Research

Wave gradient background

Overview

The Genetics of Complex Traits. Many traits of medical, agricultural and evolutionary interest are “complex traits”. Many such complex traits have a sizable genetic component, although in most cases their exact genetic architecture remains a mystery. We use model systems to understand the genetic basis of variation in complex traits using crosses and natural phenotypic and genotypic variation. In recent years we have been especially interested in leveraging Multiparent Populations or Synthetic Populations for this purpose. We routinely work with genome-scale datasets to obtain insights into complex traits including: DNAseq, Poolseq, RNAseq, ATACseq, and scRNAseq. We have found that low-pass sequencing of individuals or pools from synthetic populations in concert with specialized genotype imputation methods can be incredibly powerful.

The Drosophila Synthetic Population Resource (DSPR)

A Drosophila community resource for the genetic dissection of complex traits. In 2012 we created a novel resource for the genetic dissection of complex traits – the DSPR. The resource consisted of two panels of ~750 Recombinant Inbred Lines (RILs).
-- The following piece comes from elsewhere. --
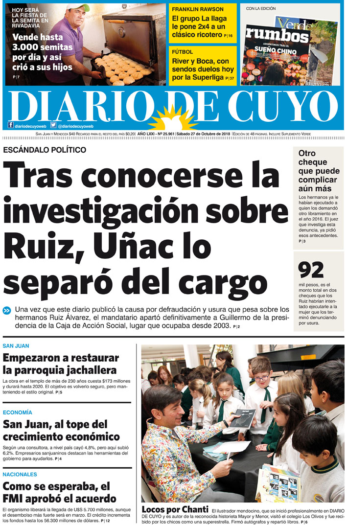 Diario de Cuyo | HOME | Noticias | Tapa Edición Tapa Edición 27 de Octubre 2018 Por Redacción Diario de Cuyo 26/10/2018 · 0:00 Escuchar la noticia Escuchar la noticia Your browser doesn’t support HTML5 audio Tapa Edición Ver los comentarios ›

Each RIL is fully genotyped and ultimately derived from a crossing scheme involving 17 highly inbred and characterized “founders”.

Goal

Measuring the RILs allows for the routine dissection of complex traits. As RILs are fully genotyped, an investigator can obtain the RILs, measures each RIL for a trait of interest, and identify QTL without any genotyping. Furthermore since the RILs are derived from 17 founders – as opposed to two parents – more natural variation is sampled (and mappable). Finally, by virtue of 25 generations of random mating being carried out before the RILs were created high resolution mapping of complex traits is enabled.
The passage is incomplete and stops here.